Most business executives understand by now that strategic decisions are always better when supported by data, and that the more data there is, the better the outcome will be. Unfortunately, in the 90’s and 00’s, after the decimation of BI/MIS capabilities within business departments, the ability of business stakeholders to get the data they needed when they needed it was severely restricted.
Lately, with the advent of Big Data and its promise of cheap and fast access to vast amounts of data, a kind of euphoria has taken hold among business executives: “we are finally going to get what we need when we need it; we just have to wait a bit for IT to get all of the data into our data lake and then: Nirvana!”
There are however several problems with that, which we observe practically everywhere in the industry:
- The technology departments tasked with getting the data into the lakes and making it available don’t fully understand what kind of data the business actually needs to make decisions. The promise of Hadoop (cheaper and faster) makes it very tempting to dump all of the data into the lake, and then make the business accountable for the rest. The business, however, has neither the capability nor the capacity to provide Technology with clear answers with respect to data needs, metadata, data quality rules, and such, as all of these require specialized skills and expertise.
- Business departments everywhere are currently building up their advanced analytics capabilities by hiring data scientists and unleashing them on whatever data is already available in their data lakes. However, as mentioned above, that data is currently not well understood in terms of metadata and data quality. Building up repeatable data science processes without taking metadata and data quality into account will only get the business into painfully familiar territory – lots of answers that nobody can trust.

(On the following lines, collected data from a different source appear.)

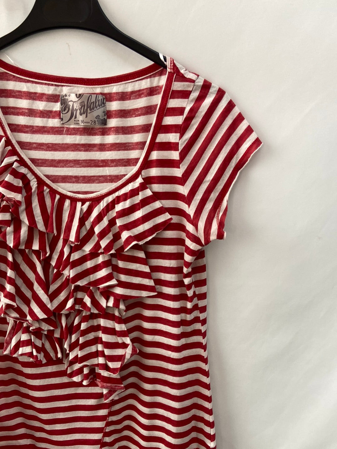 Camiseta de rayas blanca y roja con volantes delanteros. Largo 72 cm
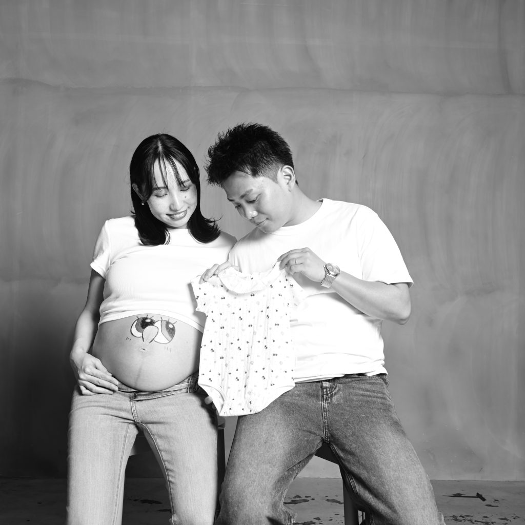 生まれてくる赤ちゃんのために用意した服を使うことで、未来を感じられる特別な写真が残せます。セルフ写真館でも持ち込みOKの場合が多く、気軽に実践できるポーズです。
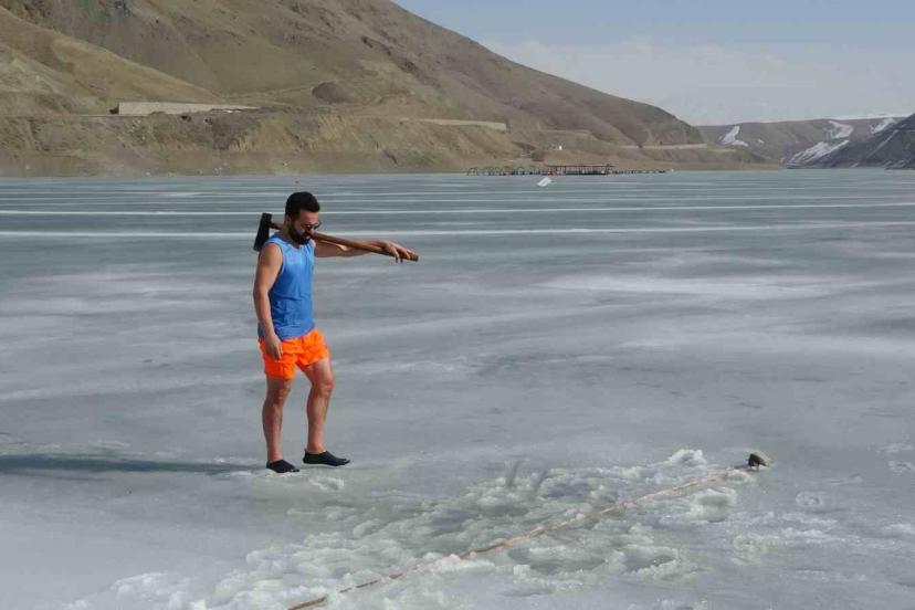 Van’da sıra dışı etkinlikleriyle tanınan maceracı bir öğretmen, barajdaki suyun buz tutmuş yüzeyini kırarak suya girdi.
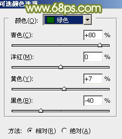 3、创建可选颜色调整图层,对红,绿进行调整,参数设置如图4,5,效果如图6。这一步把绿色部分稍微调淡一点。
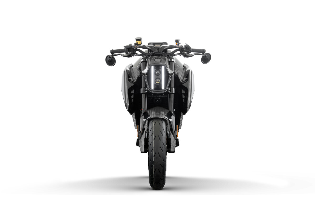外觀延續「Black and Bold」設計理念,採用 WIDESTAR 寬體空力外觀 與高精度碳纖維部件,全車以專屬 Midnight Veil 深色塗裝呈現。LED 頭燈整合品牌標誌性日行燈條,前土除、油箱整流罩與下導流板皆以碳纖維貫穿設計,營造出極具張力的機械美學。
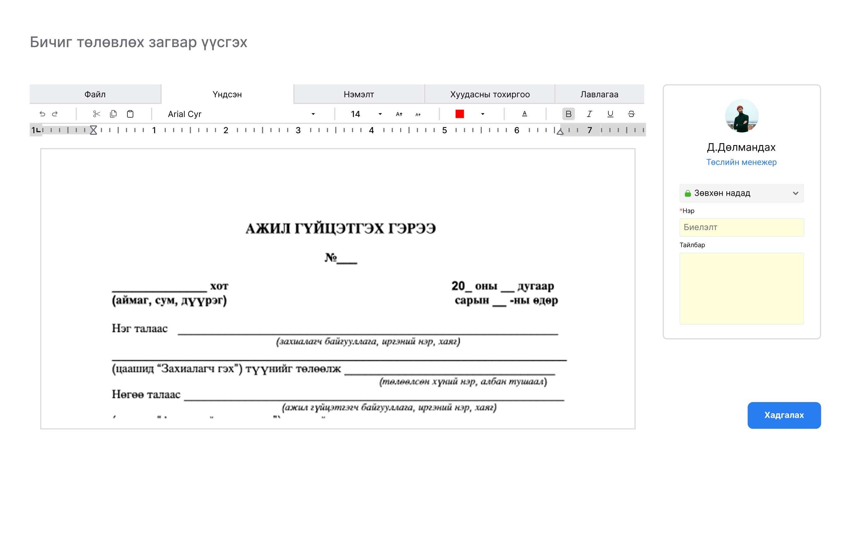 Гэрээг стандартын дагуу боловсруулах, хянуулахаар болон батлуулахаар илгээх, засварлах, батлах, санал өгөх, файл хавсаргах хадгалах боломжтой

- The impact the new technology on existing business processes has yet to be fully assessed and appreciated. Hadoop and advanced analytics provide the business with amazing capabilities, but these capabilities may not be fully adopted (even if done properly) unless the business processes change to accommodate them.
In essence, everything we observe happening now with Hadoop and Data Science we’ve already seen before – in 80’s and 90’s with Data Warehousing and BI.
The hope is that we’ve learned the lessons of history.